Our results demonstrated that the combination of LND and 6-AN had stronger effect than that did both drugs alone. Moreover, the combination exhibited not only the best efficacy, but also the faster action. At the same final concentration, the combination killed 100% protoscoleces after 5 days of treatment, to be compared with 100% protoscoleces killed after 6 days of treatment with LND and 76% protoscoleces killed after 7 days treatment with 6-AN (Figure 1). This characteristic was confirmed by EmAP activity assay (Figure 2A), morphological and ultrastructural alterations. We suppose the enhanced effect by the combination might be due to the complementary disruption of biochemical pathways by LND and 6-AN. As a competitive G6PD inhibitor, 6-AN could suppress PPP reduce the cellular energy, and impair DNA synthesis and repair. Both LND and 6-AN induce depletion of metabolic energy, yet they target different sites in energy generation pathways. Their use in combination might enhance energy depletion, and thereby yield significant effect against Echinococcus. Therefore, it suggests that the inhibition of both pathways of energy production may achieve synergetic effect against Echinococcus. As we known, toxicity, weak efficacy, and especially rapidly increasing drug-resistance hinder the effectiveness of chemotherapy to numerous diseases including echinococcosis. Therefore, the combination of drugs is one of the solutions to the above problems, which has many advantages including the enhancement of efficacy and delay of drug resistance [26].

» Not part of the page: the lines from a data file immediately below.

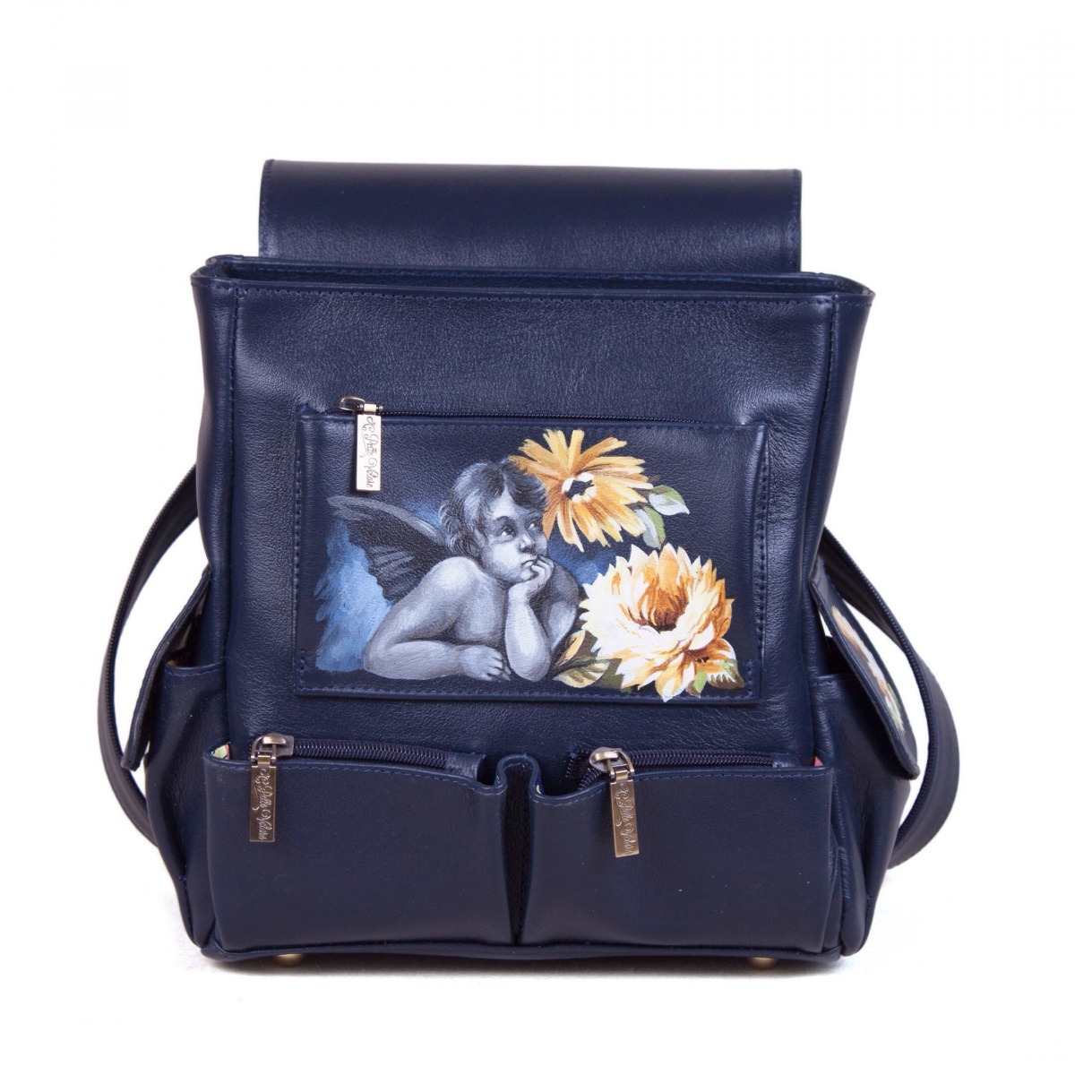 • Эксклюзивный рисунок на рюкзаке — профессиональные художники расписывают кожаные сумки акриловыми красками, как холст. Каждая роспись уникальна.
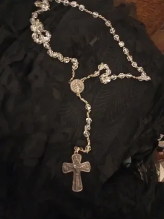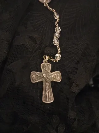 Este es un rosario antiguo con cuentas negras y detalles metálicos. - Cuentas facetadas de color negro. - Crucifijo detallado. - Medalla central con imagen religiosa.
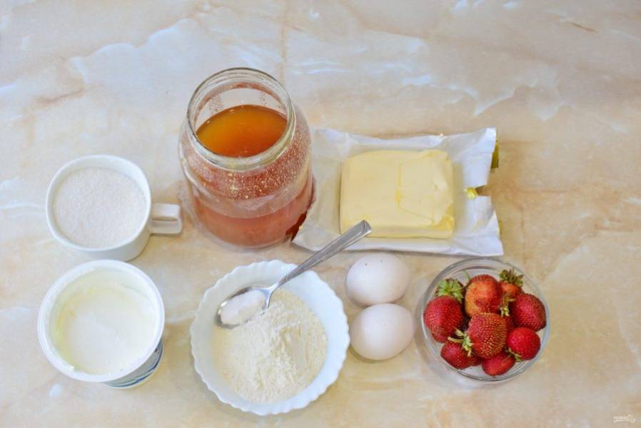 Видео рецепт "Медовик с клубникой и сметанным кремом"

In conclusion, in the present study, we demonstrate that LND and 6-AN exhibit considerable effects against both larval- and adult-stage of E. granulosus s. s. and E. multilocularis. Furthermore, the combined treatments with LND and 6-AN exhibit stronger effects than that did both drugs alone. The present results demonstrate the therapeutic potential of LND, 6-AN, and particularly their combination against E. granulosus s. s. and E. multilocularis. Further studies will be performed by investigating the in vivo efficacy of LND, 6-AN and their combination against Echinococcus spp. as well as the mechanism of action.